10th President of Texas A&M University–Corpus Christi
- In office January 2005 – August 2017
- Preceded by: Robert R. Furgason
- Succeeded by: Kelly M. Miller

Personal details
- Born: April 2, 1949 (age 77)
- Citizenship: American
- Alma mater: West Texas A&M University (Bachelor's, 1971; Master's, 1972); University of Arkansas at Fayetteville (Ph.D., 1976)

= Flavius C. Killebrew =

Dr. Flavius Charles Killebrew (born April 2, 1949) is a former American academic administrator.

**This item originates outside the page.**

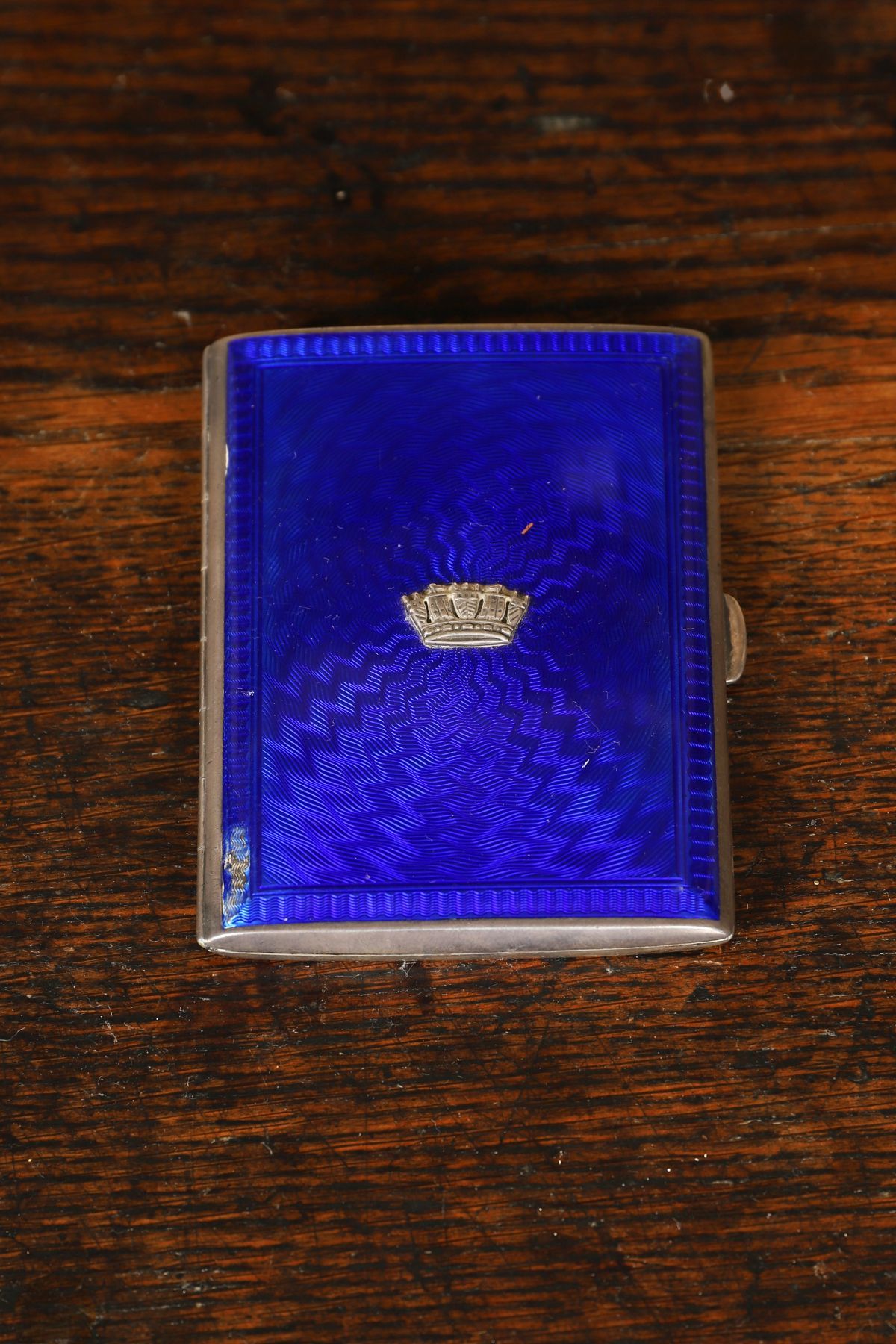 A silver and enamelled cigarette case, rectangular in form, the exterior decorated with deep blue guilloché enamel centred by a crown motif in relief. Hallmarked Birmingham. Circa 1900.
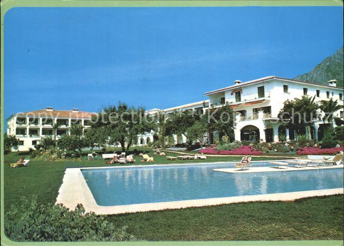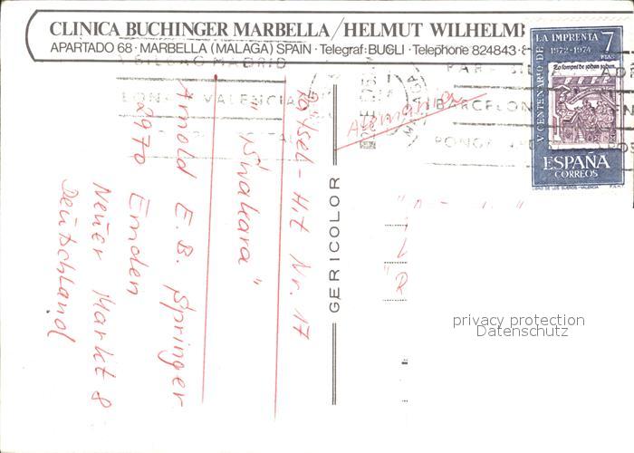 old postcard Marbella Andalucia Clinica Buchinger Swimming Pool postalisch gelaufen Erhaltung siehe scans

He was the 10th President of the Texas A&M University–Corpus Christi. He was appointed to the office in January 2005, in a unanimous vote by the Board of Regents of The Texas A&M University System. Prior to his appointment, Killebrew was Provost and Vice President for Academic Affairs at West Texas A&M University in Canyon, Texas.

== Prior Employment ==

- 1976 – Assistant Professor of Biology, West Texas A&M University
- 1988 – Professor of Biology, West Texas A&M University
- 1994-2004 – Provost and Vice President for Academic Affairs, West Texas A&M University

== Education ==

- 1971 – Bachelor's Degree, West Texas A&M University
- 1972 – Master's Degree, West Texas A&M University
- 1976 – Ph.D. in Zoology, University of Arkansas at Fayetteville

== Miscellaneous ==

- Member of American Association of State Colleges and Universities
- Member of Texas International Education Consortium

== Personal life ==
Killibrew is married to Kathy Bartley and has one daughter.